Meet Sarah (she/her)

Sarah, standing in a doorway, smiling

Hello :)

I’m Sarah Newbold, a counsellor, social worker, writer, and founder of Progressive Therapeutic Counselling.

I’ve worked in mental health and community services for more than 20 years across counselling, trauma, crisis support, violence prevention, relationships, and community care.

I care deeply about my work and the people I work with.

It’s important to be upfront & transparent about the areas I do not work within. Due to personal family history, I do not provide counselling around any issues to do with dementia or cognitive decline, as I do not feel I can offer the quality of therapeutic support people deserve in that space.

I am genuinely interested in people, relationships, power, survival, intimacy, grief, identity, bodies, community, and the complicated ways human beings try to care for themselves and each other under difficult conditions.

A lot of the people who find their way to me are carrying complicated lives. Trauma. Burnout. Grief. Relational harm. Loneliness. Neurodivergence. Emotional exhaustion. Identity. The pressure of trying to function in systems that often feel disconnected from actual human needs.

I work with people across many different identities, communities, bodies, relationship structures, and ways of living.

My work often explores relational complexity, including:

  • queer relationships and identity

  • kink, BDSM, and consensual power exchange

  • AI, parasocial, and digital relationships

  • coercive control and emotional abuse

  • abortion and reproductive experiences

  • hormonal mental health and peri/menopause

  • grief, burnout, embodiment, intimacy, and relational safety

I love working in these spaces. I think they are some of the most important conversations happening right now, and I believe people deserve support that can genuinely hold the complexity of them.
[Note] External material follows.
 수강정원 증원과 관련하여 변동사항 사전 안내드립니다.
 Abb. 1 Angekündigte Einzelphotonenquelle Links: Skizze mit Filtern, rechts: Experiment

I’m less interested in pathologising people, and more interested in understanding context, patterns, survival, relationships, nervous systems, embodiment, and what safety, agency, connection, or relief might look like now.

My work is queer-affirming, trauma-informed, sex-positive, neurodivergent-affirming, anti-racist, disability-aware, and grounded in respect for people’s autonomy, dignity, complexity, and lived experience.

I believe relationships matter. Community matters. Material conditions matter. The body matters. Power matters. The systems people live within matter.

I live and work on unceded Dja Dja Wurrung Country, and for the past 7 years have contributed 2% of profits as part of the Pay The Rent movement to:

Outside of work, I live in regional Victoria with my dog Raya. I love spending genuinely quality chill time with the people I love, hiking, writing, reading, cooking and getting feisty over politics.